Call player 1 $A$, and has a probability of winning $a = 0.75$
Call player 2 $B$, and has a probability of winning $b = 0.86$
Now, the recurrences for winning in exactly $n$ steps:
\begin{align*}
P_A\left(n\right) &= \sum_{i=1}^{10} \left(1-a\right)a^{i-1}P\left(n-i\right) \\
P_A\left(10\right) &= a^{10} \\
P_A\left(k\right) &= a^{10}\left(1-a\right)\hspace{20pt}\text{for $k=11\ldots 20$}
\end{align*}
and
\begin{align*}
P_B\left(n\right) &= \sum_{i=1}^{12} \left(1-b\right)b^{i-1}P\left(n-i\right) \\
P_B\left(12\right) &= b^{12} \\
P_B\left(k\right) &= b^{12}\left(1-b\right)\hspace{20pt}\text{for $k=13\ldots 24$}
\end{align*}
Hence, the probability of a draw is:
\begin{align*}
\mathbb{P}\left(\text{Draw}\right) &= \sum_{n=10}^{\infty} P_A\left(n\right)\cdot P_B\left(n\right) \\
&\approx 0.0108907854748
\end{align*}
Probability that $A$ wins is:
\begin{align*}
\mathbb{P}\left(A<B\right) &= \sum_{k=10}^{\infty} P_A\left(n=k\right)\cdot P_B\left(n>k\right) \\
&\approx 0.328106229131
\end{align*}
Probability that $B$ wins is:
\begin{align*}
\mathbb{P}\left(A>B\right) &= 1- 0.328106229131 - 0.0108907854748 \\
&= 0.6610029853942
\end{align*}
The probabilities $P_A(n)$ and $P_B(n)$ have the following probability generating functions, which can be obtained from a markov chain, or from the recurrences.

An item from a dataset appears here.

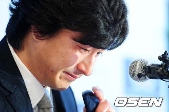 안정환이 기자회견을 도중 인사를 하며 눈물을 흘리고 있다.

They were used for calculating the above probabilities:
\begin{align*}
G_A\left(x\right) &= \frac{a^{10} x^{10}}{{\left(a^{10} - a^{9}\right)} x^{10} + {\left(a^{9} - a^{8}\right)} x^{9} + {\left(a^{8} - a^{7}\right)} x^{8} + {\left(a^{7} - a^{6}\right)} x^{7} + {\left(a^{6} - a^{5}\right)} x^{6} + {\left(a^{5} - a^{4}\right)} x^{5} + {\left(a^{4} - a^{3}\right)} x^{4} + {\left(a^{3} - a^{2}\right)} x^{3} + {\left(a^{2} - a\right)} x^{2} + {\left(a - 1\right)} x + 1} \\
G_B\left(x\right) &= \frac{b^{12} x^{12}}{{\left(b^{12} - b^{11}\right)} x^{12} + {\left(b^{11} - b^{10}\right)} x^{11} + {\left(b^{10} - b^{9}\right)} x^{10} + {\left(b^{9} - b^{8}\right)} x^{9} + {\left(b^{8} - b^{7}\right)} x^{8} + {\left(b^{7} - b^{6}\right)} x^{7} + {\left(b^{6} - b^{5}\right)} x^{6} + {\left(b^{5} - b^{4}\right)} x^{5} + {\left(b^{4} - b^{3}\right)} x^{4} + {\left(b^{3} - b^{2}\right)} x^{3} + {\left(b^{2} - b\right)} x^{2} + {\left(b - 1\right)} x + 1}
\end{align*}
If you want an exact solution and have enough patience, proceed as described in the similar problem here.
Update
Alright, here are the exact values!
Building the simultaneous equations as described in that linked answer, we will end up with 120 equations of 120 variables.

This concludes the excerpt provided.